Аддер спустил ноги со стола и стряхнул с одежды несколько крошек. Скатал в шарик несколько грязных упаковок от разовых обедов с эмблемой «ГАРРИ» и зашвырнул их через комнату. Он был аккуратист на работе, но в том, что не касалось хирургии, допускал вольности, коробившие всех, кроме свыкшегося с этим Паццо. Там и сям из гор маленького и большого мусора, высотой временами по щиколотку, торчали пустые бутылки, стопки пожелтевших иероглифических журналов и предметы, вовсе не поддающиеся опознаванию. Черно-белые фото работ Аддера на манер каталога были криво прикреплены к стенам. В действительности здешний беспорядок нес в себе элемент тонкого расчета; Аддер намеревался таким образом имитировать архетип не то берлоги древнего татушника, не то абортария, не то вовсе какой-нибудь забытой богом дыры. Ему нравилось унижать по мелочам своих клиентов.

Вернулся Паццо, эскортируя широкоплечего человека в военном мундире. Вид у обладателя мундира был обмякший и полумертвый, как если бы лицевые мускулы под кожей поочередно рассекали ножом. Аддер узнал симптомы каининовой ломки.

– Добрый вечер, генерал, – произнес он.

Генерал плюхнулся в кресло напротив Аддера, словно в его теле не осталось ни единой целой кости.

– Я принес… – выговорил он. – Половину того, что просите.
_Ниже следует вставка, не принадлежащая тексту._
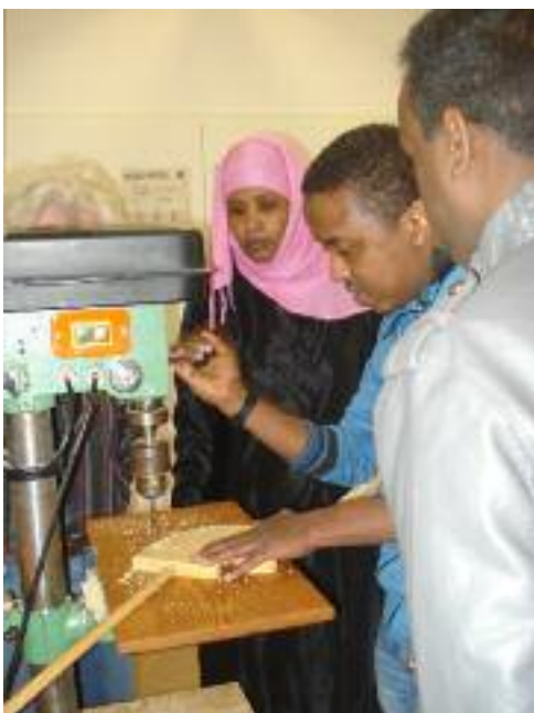
Teilnehmende der Holzwerkstatt beim gemeinsamen Arbeiten

Freitags, 9 - ca. 13 Uhr, Holzwerkstatt der Werkstatt für junge Menschen, (Thüringer Str. 22a)
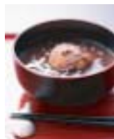
おしるこ 100杯 55,000円
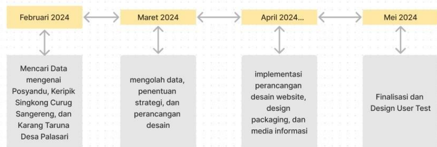
Gambar 3.3 Roadmap Tahapan Kegiatan

Berikut merupakan gambaran roadmap perancangan tahapan kegiatan program MBKM Cluster Proyek Desa yang telah penulis dan kelompok sepakati bersama.
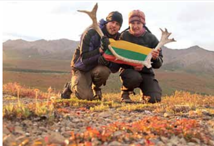
Besimėtantys elnių ragai. Iter Vitae komanda. Aliaska. JAV
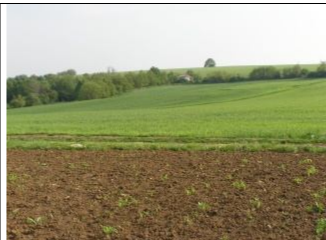
Veľkoplošné obrábanie pôdy. Na horizonte je solitérny strom - „kráľovský strom“.

Ďalším významným prvkom v krajine sú historické štruktúry využívania krajiny , ktoré sú rozložené na miernom južnom svahu nad Dyčianskou dolinou. Je to mozaika tvorená úzkymi pásmi porastov viniča, ovocných sádov a ornej pôdy, ich súčasťou sú hajlochy (vínne domčeky). Táto historická krajinná štruktúra tvorí zároveň rekreačný potenciál pre obyvateľov obce. V minulosti sa v katastrálnom území vyskytoval tiež vyšší podiel ovocných drevín, z ktorých prevládali čerešne a orechy, pri vinných domčekoch boli tiež slivky. Na niektorých miestach je táto tradícia dodržaná, pri niektorých vinných domčekoch (najmä pri prestavaných) sú tieto tradičné dreviny nahradené novými, nepôvodnými druhmi. Ovocné dreviny sú v súčasnosti najviac zastúpené v jestvujúcich súkromných vinohradoch. Avšak z územia mimo záhrad ovocné druhy prakticky vymizli.

Я… У меня больше нет денег.

Аддер пожал плечами:

– Как вам будет удобнее. Можете вообще не платить. Полная цена или ничего.

Генерала прошиб пот. Кресло, в котором он сидел, пропиталось нервическим потом многих сотен клиентов Аддера.
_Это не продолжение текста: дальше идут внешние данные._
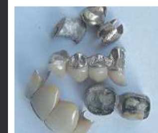
Nicht schön – aber wertvoll!
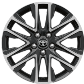
18" felgi aluminiowe z oponami 225/50 R18 Standard w wersjach Style i Executive
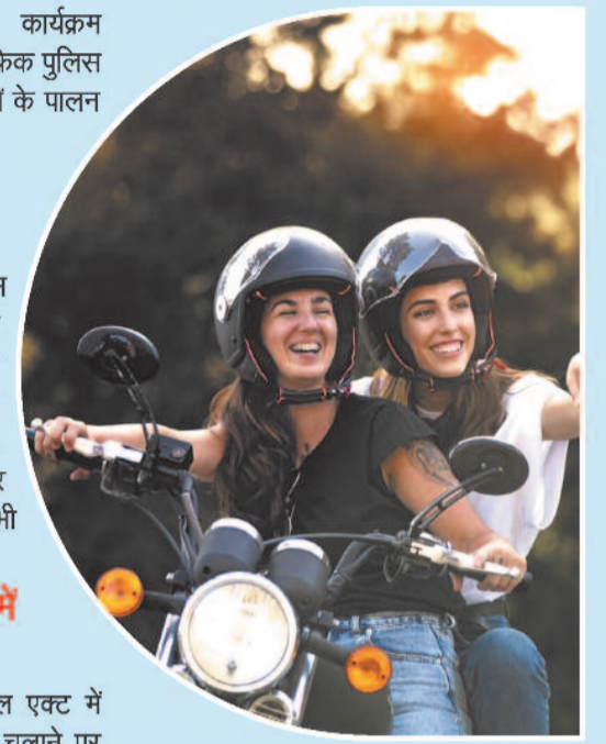
कई नैर-सरकारी संगठन और निजी कंपनियां कॉर्पोरेट स्नामाजिक उत्तरदायित्व (CSR) के तहत मुफ्त हेलमेट वितरण, जागरूकता रैली और सड़क सुरक्षा कार्यशालाएं आयोजित कर रही हैं।

कॉर्पोरेट स्नामाजिक उत्तरदायित्व (CSR) के तहत मुफ्त हेलमेट वितरण, जागरूकता रैली और सड़क सुरक्षा कार्यशालाएं आयोजित कर रही हैं।

– Послушай, – перешел он в атаку, – не смей шутить с Романцей. Я знаю, чего хочу, и я получаю, что мне нужно. Ты пожалеешь.

Нижняя губа его отвисла и раздулась, словно обожженная; соленый пот с серых щек собирался на ней.

Аддер питал патрицианское омерзение к мелодрамам в реальной жизни. Подмигнув подпиравшему дверной косяк Паццо, он наставил большой палец на генерала.

– Надо же, какой крутой, – произнес он.

Паццо, храня странно бесстрастное выражение, сложил колечко из левых большого и указательного пальцев и начал в ритме механизма тыкать сквозь него указательным пальцем правой руки.

Свиные глазки генерала дергались, взгляд перебегал с одного насмешника на другого.

– Гребаные панки!

– Э нет, – сказал Аддер, – так дело не пойдет.

Понемногу вживаясь в роль, он упер ладони в столешницу и подался к генералу так, что их лица оказались разделены всего парой дюймов.

– Размажь его! – внезапно крикнул Паццо от двери. Аддер, удивленный и на мгновение озадаченный, вскинул голову и посмотрел на него, но тут же вернулся к генералу.

– У меня достаточно клиентов, – сказал Аддер с театральной усмешкой, – чтобы договориться с людьми, которые надерут тебе задницу. Честно говоря… – он воздел скальпель, – мне бы стоило просто раскроить тебя сейчас, а потом дать соскользнуть с лезвия. Это можно сделать.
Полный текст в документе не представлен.